After months of looking like both English and French Centretown school board trustee positions would be acclaimed, last minute nominations mean the race is on.
Megan Carroll will now challenge incumbent Jennifer McKenzie in the Ottawa-Carleton District School Board race.
“I decided that now is the time to get involved and make a difference,” Carroll says of her late decision to get involved.
Although this is Carroll’s first foray into education, being a mother she says she has children’s best interests at heart.
Carroll is a stay-at-home mom and spent her teenage years as a counsellor at summer camps across the country.
Veteran Jennifer McKenzie worked as an electrical engineer in Ottawa for more than 20 years before leaving the profession a decade ago to get involved in education.
She says despite her previous tenure as trustee, “there is still work to be done.”
The Ontario Education Quality and Accountability Office’s release of standardized test results last week showed Centretown elementary students are falling behind.
However both Carroll and McKenzie say they aren’t discouraged.
“The children in this area are bright, creative, and energetic. With the right programs in place, they will soon be scoring the highest in Ottawa and beyond,” says Carroll.
McKenzie points out that it isn’t all bad news. Literacy scores have been steadily going up over the past four years, she says, and if re-elected she intends to focus more on mathematics and the arts.

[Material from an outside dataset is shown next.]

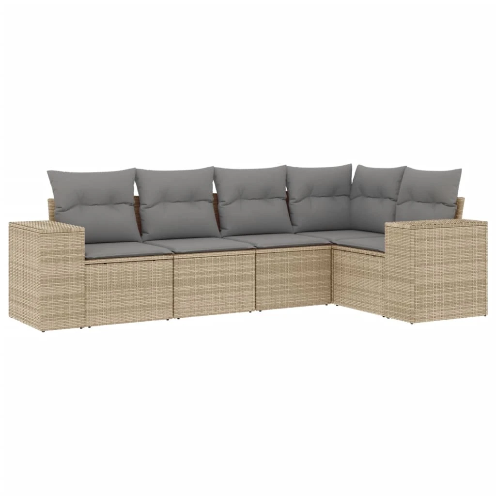 vidaXL 5-daļīgs dārza dīvāna komplekts, matrači, bēša PE rotangpalma

In the Ottawa Catholic School Board race, incumbent Therese Maloney Cousineau will face former principal Tom Duggan, after having represented zone 10 for 25 years, as well as undergraduate University of Ottawa student Megan Crowe.
Duggan has worked in the school system for 34 years and was a principal for 15, in addition to serving on the parish council.
He says he believes that funding and declining enrolment are the major issues Catholic schools in the area face.
Ontario is now the only province in eastern Canada that has a fully-funded Catholic school system, but Duggan says more work still needs to be done to ensure that this remains the case.
“I think we as a school system have got to bring it out into the open and make sure that Catholic schools will be here for a long, long time,” Duggan says.
Another area of concern for Duggan and Crowe is updating and modernizing schools.
“More needs to be done to bring our schools into the 21st century and promote internet learning,” says Crowe.
In both the French-Catholic and French-Public boards, Centretown candidates won by acclamation.
Jean-Paul Lafond will continue for a seventh term representing the French-Public board and Diane Doré will stay on for a third term as the trustee for Centretown’s French-Catholic board.